Although the presence of oRGs is a well-established feature of primate neurogenesis, and their molecular markers are widely used, the genetic basis and molecular processes leading to their emergence are still poorly understood. To construct gene expression profiles that illustrate the progression from RG_C10 cells to oRGs, we specifically examined changes in expression among RG_C10, oRG_C12, and oRG_C14 cells, then calculated pseudotime trajectories (Figure 3, C to D). Based on these trajectories, we then profiled the temporal shifts in the expression of each gene and selected the 150 most significant genes (Figure 3E). We found a set of genes that were previously reported as highly expressed in outer radial glia that also showed high expression in the oRG_C12 differentiated pseudotime terminal 7,25,26 (such as SFRP1, HOPX, FAM107A, TNC, PTN, and MOXD1), while high ASPM expression was typical of cells in the earlier, RG, pseudotime terminal (Figure 3F). In addition to these markers, we also found enrichment for some potential regulatory genes at the oRG_C12 terminal, such as Regulator of the cell cycle (RGCC), which controls mitotic spindle orientation 27, and TTYH1, which regulates cell adhesion 28. We also found genes that regulate ion channel expression, such as ATP1A2, ATP1B2, and SCN4B, which were not previously known to participate in oRG differentiation.
Analysis of DEGs specific to the RG pseudotime terminal identified cell cycle-related genes such as MKI67, TOP2A, CDC20, and CCNA2. Within the glia-like cells that largely comprised the oRG_C12 terminal, we also detected a population of true glial genes that exhibited high expression of SLC1A3, ZFP36L1 29, GFAP, DBI, and EDNRB 30. In addition, our analyses uncovered several DEGs that have not yet been investigated for a role in radial glia function and differentiation, such as DKK3, DDAH1, SAT1, and PEA15. Finally, we screened for significant DEGs associated with RG-to-IPC and OPC-to-astrocyte/oligodendrocyte differentiation trajectories (Figures S5 and S6).

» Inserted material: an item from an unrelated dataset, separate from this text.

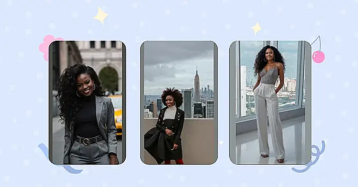 This image is all about owning your style! Our black lady is rocking a seriously stylish taupe pantsuit. It’s like a power outfit, but instead of screaming “I’m in charge,” it whispers “I’m effortlessly amazing.” The color is super chic, and the fit is perfection. This look is perfect for a job interview, a fancy dinner, or even just showing up your friends with your fabulous fashion sense. Who needs superheroes when you have a suit this cool?
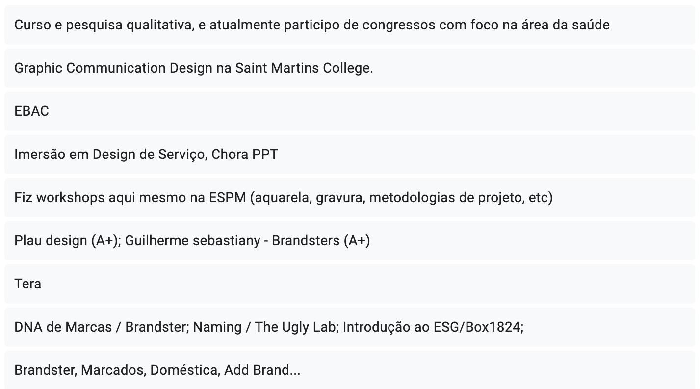 E sobre aquele carro chefe, vocês disseram que é aquele curso de branding aplicado, que é o principal curso da laje. Mas quais demandas vocês veem na comunidade e assim em geral assim que mais as pessoas procuram assim pode ser dentro ou fora de design. Qual demanda vocês mais veem uma procura, além de branding, que já é o curso principal de vocês.

The Generation of Deep-layer and Upper-layer Neurons Follows Distinct Terminal Trajectories
Based on our finding above that the deep-layer neurons appear earlier than upper-layer neurons, we next sought to characterize dynamic shifts in the expression of transcriptional regulators that potentially contribute to determining neuronal fates. To this end, we performed pseudotime trajectory analysis of EN lineages (including deep-layer and upper-layer neurons) (Figure 4A), then superimposed the cluster labels from RG_C10, oRG_C12, and oRG_C14 stem cells in UMAP plots (Figure 3A) and early (E40 and E50) and late (E70, 80 and 90) emergence stages (Figure 2A) over the extracted transcriptomic data. We then calculated the RG-specific differentially expressed genes (rgDEGs) and the DEGs of early and late neuron-specific (nDEGs). The set of genes that overlapped between rgDEGs and nDEGs (termed mapping genes) can thus be used to map neuronal subtypes to different neural stem cell populations (Figure. S4). We hypothesized that mapping genes, such as FEZF2 and DOK5, may function in radial glial cells to specify neuronal progeny (Figure 4B). Our results provide single-cell transcriptome data to support that apical progenitors and daughter excitatory neurons share molecular temporal identities during neocortex prenatal corticogenesis 31–33.
Since substantial evidence indicates that neuronal fate is determined post-mitotically in the mammalian neocortex, analysis of differentially expressed genes throughout the differentiation process could reveal the genetic mechanisms responsible for deciding stem cell fate as different neuronal progeny. Using Dynverse R packages, we constructed pseudotime trajectories for the cluster data, which identified a bifurcating trajectory from neural stem cells (including RG_C10, oRG_C12, and oRG_C14) that leads to either deep-layer neurons in one branch or to upper-layer neurons in the alternative branch (Figure 4C). However, it should be noted that the two distinct fates share a common path from neural stem cells to immature neurons (Figure 4C, from dot1 to dot4), supporting the likelihood that neuronal fate is primarily determined post-mitotically.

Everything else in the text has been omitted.